After the position signals and tempo estimates have been weighted,
the voter device calculates a final ensemble score position signal
in response to the weighted position signals and a final ensemble
tempo based on the weighted tempo estimates. A scheduler is
responsive to the final score position and final ensemble tempo for
outputting an accompaniment corresponding thereto.

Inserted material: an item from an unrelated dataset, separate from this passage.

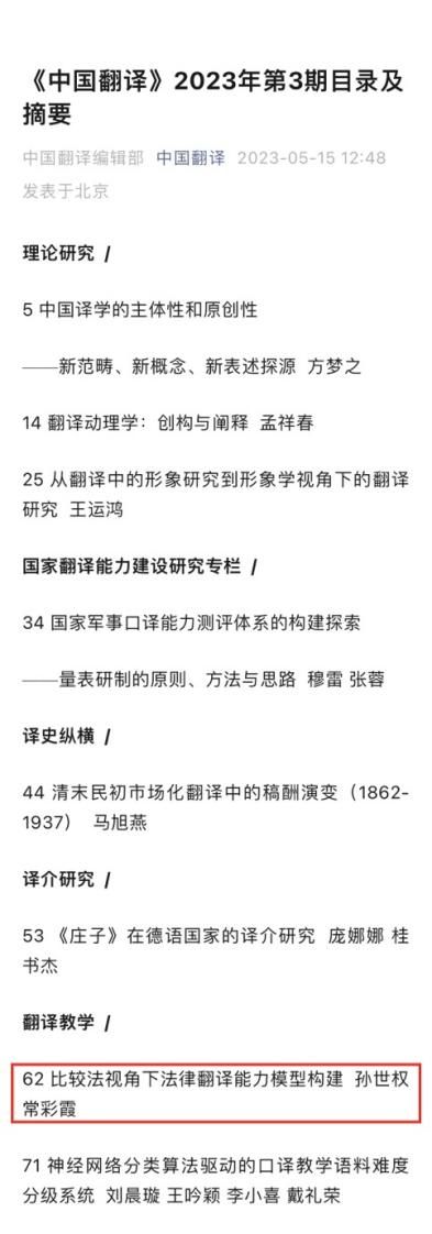 (通讯员 张冉)近日,外国语学院2021级法商笔译研究生常彩霞同学与导师孙世权副教授合撰的论文《比较法视角下法律翻译能力模型构建》在权威期刊《中国翻译》2023年第3期上发表?!吨泄搿?/span>是中国翻译协会会刊,被收录于CSSCI 中文社会科学引文索引(2021-2022)来源期刊、北京大学《中文核心期刊要目总览》来源期刊,是目前我国译界学术水平最高、最具权威性的期刊之一。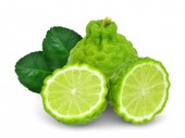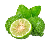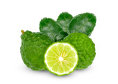 owoce bergamot lub kaffir z liściem wyizolowanym na białym tle

The voter device may weight each of the position signals according
to the frequency with which it changes by assigning a recency
rating to each of the position signals, wherein the recency rating
decays from a value of one to zero over a period of time in which
the value of the position signal is not updated in response to a
match between the input signal and the score. The voter device may
also weight each of the position signals according to the proximity
of its score position to each of the other score positions by
assigning a cluster rating to each of the position signals, wherein
the cluster rating assumes a value on a scale of one to zero
depending upon the proximity of each position signal's score
position to all of the other position signals' score positions. In
that manner, discrepancies are resolved by giving more weight to
active performers whose score positions closely match the score
positions of other active performers.
According to one embodiment of the present invention wherein a
single performer, such as a vocalist, has several input devices
responsive thereto, each producing an input signal, an additional
voter device is provided which is responsive to each of the
tracking devices receiving input signals from input devices
responsive to the vocalist. The additional voter device produces a
single position signal in response to the plurality of input
signals produced by the vocalist. In that manner, the structure of
the system enables a single position signal to be input to the
first voter device such that any discrepancies between multiple
input devices responsive to a single performer are resolved, and a
single performer does not unduly influence the final score position
merely because that performer had more than one input device
responsive thereto.
The present invention provides a method and apparatus for reliably
detecting what has been performed by the members of an ensemble,
reliably determining score position, and for producing a
coordinated, synchronized accompaniment according to the determined
score position. The tempo of the live performance is accurately
determined so that changes in tempo are compensated thereby
assuring that the accompaniment remains in synchronization with the
live performers. Discrepancies among performers are dealt with
according to that performer's degree of activity and score position
as compared to the score positions of the other performers. The
present invention provides a dynamic and accurate accompaniment to
an ensemble. Those and other advantages and benefits of the present
invention will become apparent from the Description Of A Preferred
Embodiment hereinbelow.
BRIEF DESCRIPTION OF THE DRAWINGS
For the present invention to be readily understood and practiced,
preferred embodiments will be described in conjunction with the
following figures wherein:
FIG. 1 is a block diagram illustrating an apparatus constructed
according to the teachings of the present invention for providing
automated accompaniment to an ensemble's performance;
FIGS. 2 and 3 illustrate other input signal configurations;
FIG. 4 is a block diagram illustrating one approach to handling
vocal input;
FIGS. 5-8 are block diagrams illustrating various types of voice
tracking systems;
FIG. 9 illustrates a hidden Markov Model for matching lyrics;
FIG. 10 is a graph illustrating how score position may be
estimated;
FIG. 11 is an excerpt from a score;
FIG. 12 is a block diagram illustrating the scheduler; and
FIG. 13 is a block diagram of another embodiment of an apparatus
for providing automated accompaniment to an ensemble's performance
in accordance with the teachings of the present invention.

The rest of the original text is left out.